Wednesday, September 30, 2009

Wednesday, September 30

Today, Chapter 3 of Animal Farm was due.

In honor of that -- and in honor of your ever-deepening understanding of pathos, logos, and ethos -- we asked you to answer three questions:

1) Which form of rhetoric (pathos, logos, ethos) do you think the pigs use most often? Explain your thinking and give at least one example from anywhere in your reading to support your opinion.

2) Looking at Squealer's speech on page 52, find one example of each form of rhetoric and write down a quotation that demonstrates it.

3) Beginning with this sentence -- "In his speech on p. 52, Squealer's (pathos, ethos, or logos) is most convincing to the animals" -- write a paragraph that explains your choice and gives at least one piece of textual evidence to support your opinion.

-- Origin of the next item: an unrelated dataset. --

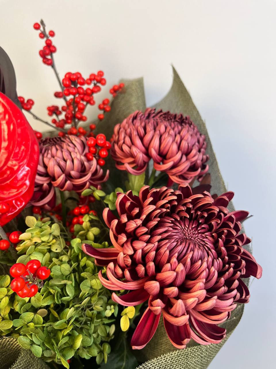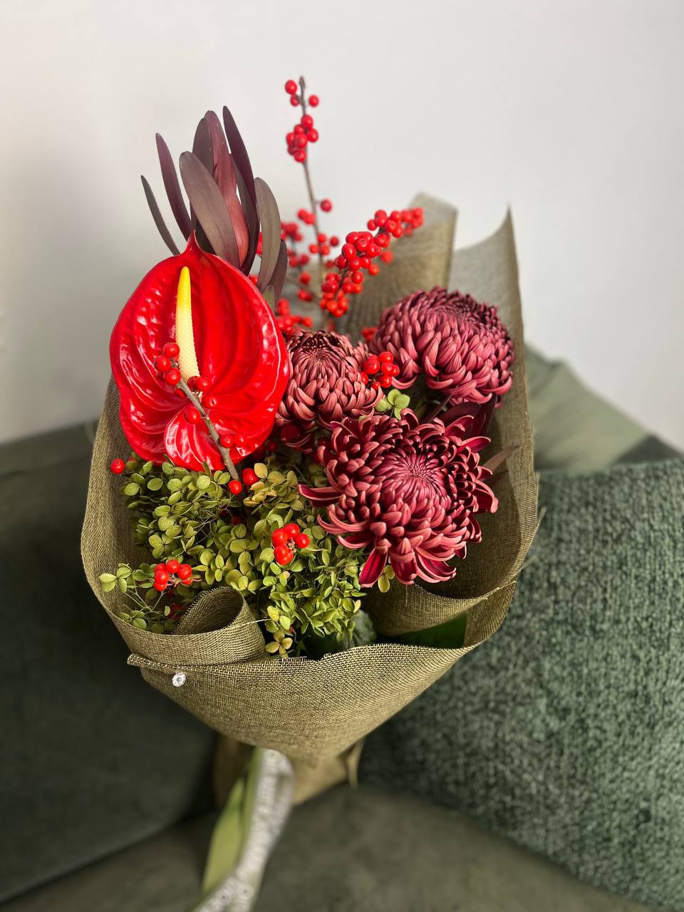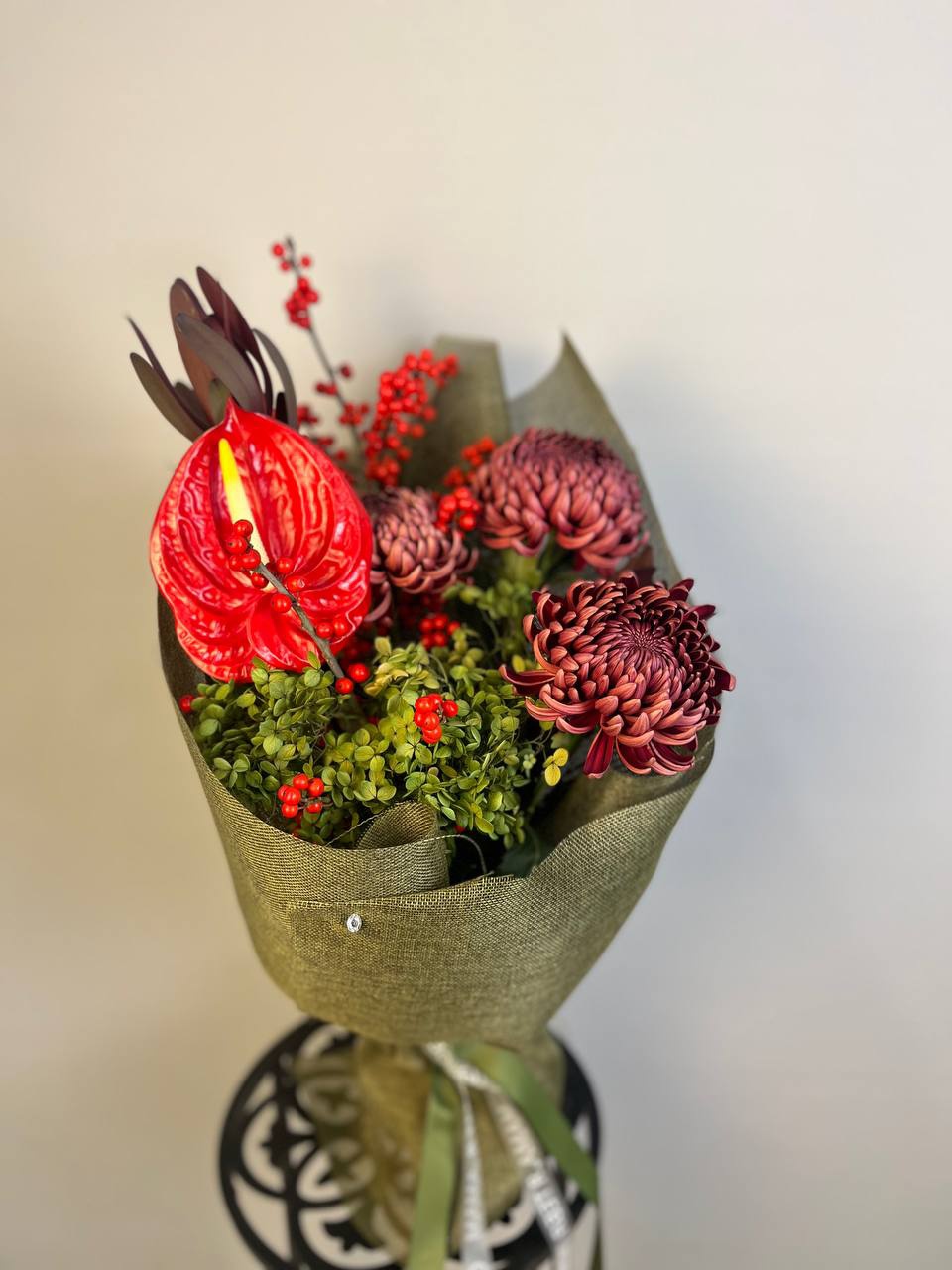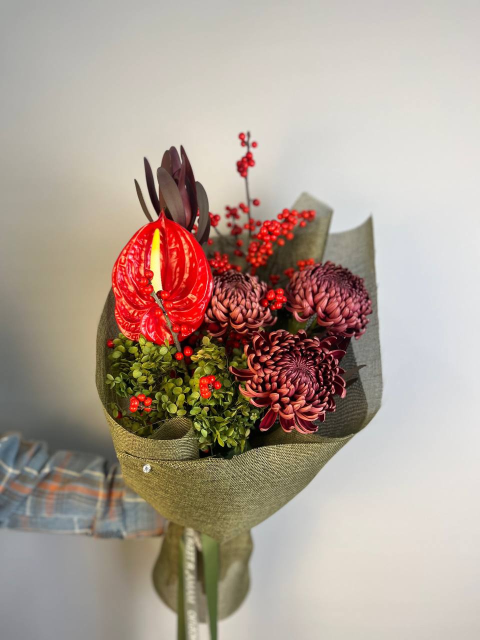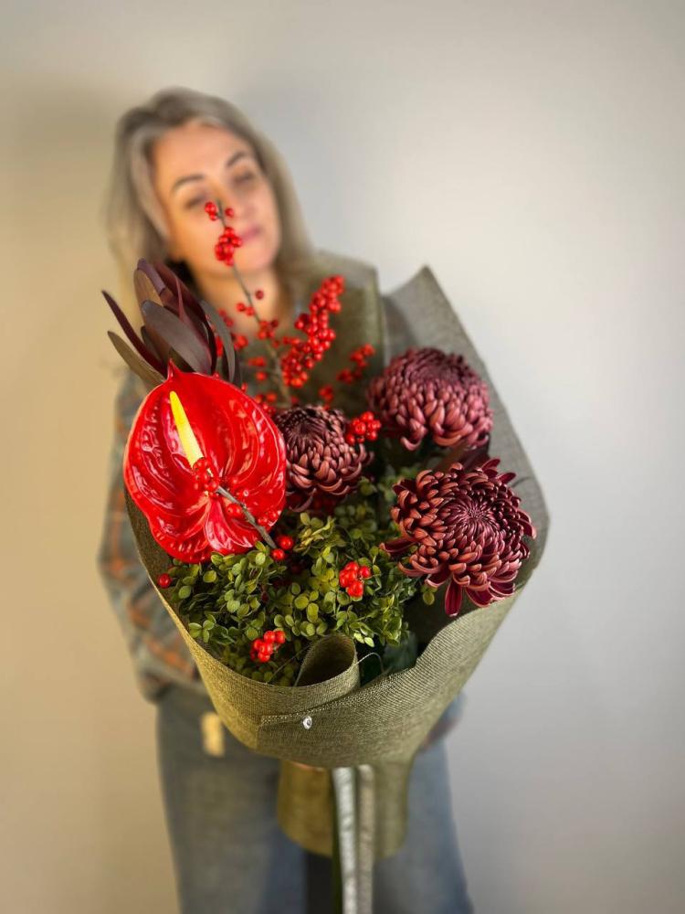 Хризантема бигуди 3шт, антуриум красный 1шт, ветка илекс 1шт, гортензия стабилизированная зелёная 1шт, леукодендрон 2шт

You worked diligently on all these tasks for most of the period. When you were done, we asked you to look at Martin Luther King's Letter from Birmingham Jail again, and we discussed one particular passage that employed ethos. You pointed out three ways that King used this rhetorical approach: positively (by invoking Biblical examples, the better to sway his audience of ministers), negatively (by invoking Adolf Hitler), and personally (by using himself as an example). We also discussed the reasons that all of King's examples were focused on people who disobeyed laws for moral reasons, or who enacted laws that violated standards of morality. This area -- the friction point between a law and morality -- is one that will come up frequently next week.

Chapters 4 and 5 of Animal Farm are due next Monday -- don't forget!